Test results: 2 passed, 2 total

Problem

So far we're being a little arrogant here to think that there's enough traffic to our application that there will be at least 5 posts that have received votes in the last 24 hours. A popular app like Reddit might not have this problem but for us, who's to say the traffic doesn't slump or we have a holiday break that impacts traffic?

So if all our posts haven't been voted on since 1970 (I choose this date because the code is easy), the votes will just be cleared out, making the static trending scores just 0.

test('Top five recently trending posts includes old posts if there are only old posts.', () => {
    let posts = [];
    let x = 0;
    // Make these in the wrong order to start.
    // Least to most popular.
    while (x < 10) {
        posts.push(fixtures.trending_by_level[x]);
        x++;
    }

    // Take the highest static trending post and make it very old.
    // This should bump down its dynamic trending value abysmally.
    let a_long_time_ago = new Date(0);
    posts.forEach(post => {
        post.last_voted_on = a_long_time_ago;
        post.votes = post.votes.map(v => new Vote(a_long_time_ago));
        post.update_static_trending();
    });

    const popularity_calculator = new PopularityCalculator(posts);
    const trending_ids = popularity_calculator.trending_by_quantity().map(p => [p.id, p.static_trending]);
    const expected_trending_post_ids = [
        posts[9], posts[8], posts[7], posts[6], posts[5]
    ].map(p => [p.id, p.static_trending]);

    expect(trending_ids).toEqual(expected_trending_post_ids);
});

Test results: 1 failed, 2 passed, 3 total

Attempt #3

What does it mean for a post to have a static trending score of 0? This should mean it's a new post with no votes on it. When we think about old but previously popular posts, we'll realize we haven't fully defined what it means to be "trending."

My instinct is that votes should never drop out of factoring into trendi status completely, but they should degrade in value without ever getting to zero. So we need to think about logarithmically scaling down the vote value.

So let's take a look at the Vote model and have it compute a weighted value. Currently, it's implicitly weighting itself as 1 if it's in the post's data or 0 if it's not.

To make this logarithmic, we'll use the simplest equation, y = 1/x making sure x > 0; This also works out because it makes sure fresh votes count as 1.

class Vote {
    // For testing, allow me to set this manually.
    constructor(time = new Date()) {
        this.time = time;
    }

    get days_old() {
        return Math.floor((new Date() - this.time) / 86400000);
    }

    get weighted_value() {
        return 1 / (this.days_old + 1);
    }

    get older_than_24_hours() {
        return this.days_old >= 1;
    }
}

Then we need to adjust Post to calculate this value.

class Post {
    // ...

    update_static_trending() {
        this.static_trending = this.votes.reduce((p, n) => p + n.weighted_value, 0);
    }

    // ...
}

We're also removing this.expire_votes(). With this strategy, we need to keep votes forever.

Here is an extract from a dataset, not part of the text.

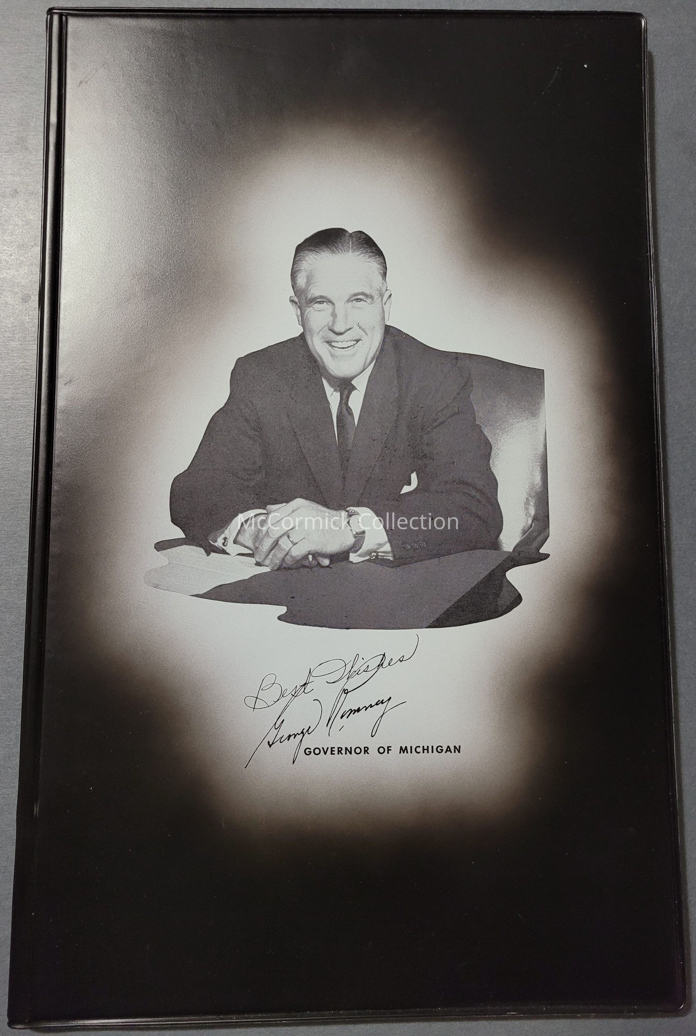 A black and white vinyl portfolio featuring George Romney on the cover with facsimile signature reading "Best Wishes George Romney Governor of Michigan." Circa 1960s.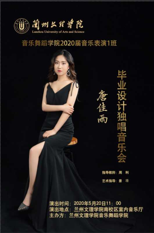 2020年5月20日上午11点,在BV伟德官方网站南校区音乐厅举办了唐佳雨个人毕业设计独唱音乐会。

But we're still not done because we need to rethink the recursion we wrote earlier that makes cleverly looks through the top 5 static trending to make sure none of them are in need of an update.

Previously we could just look at the votes as timestamps, so let's just use a basic last_updated property on the post itself.

Here's what Post looks like now

class Post {
    constructor() {
        this.votes = [];
        this.last_updated = Date.now();
        this.last_voted_on = undefined;
        this.id = Math.floor(Math.random() * (10 ** 20));
        this.static_trending = 0;
    }

    vote() {
        this.touch();
        this.votes.push(new Vote());
        this.last_voted_on = this.votes[this.votes.length - 1].time;
        this.update_static_trending();
    }

    touch() {
        this.last_updated = Date.now();
    }

    update_static_trending() {
        this.touch();
        this.static_trending = this.votes.reduce((p, n) => p + n.weighted_value, 0);
    }

    get older_than_24_hours() {
        return this.last_updated < Date.now() - 86400000;
    }

    get needs_update() {
        return this.votes.length && this.older_than_24_hours;
    }
}

We also need to update our last two tests so we're mocking up old data correctly, such as adding this last_updated piece.

    posts.forEach(post => {
        post.last_voted_on = a_long_time_ago;
        post.last_updated = a_long_time_ago;
        post.votes = post.votes.map(v => new Vote(a_long_time_ago));
        post.update_static_trending();
    });

Testing results: 3 passed, 3 total

For good measure, I'll add another test to flatly look at a bunch of posts that are identical in popularity but just aging by a day each.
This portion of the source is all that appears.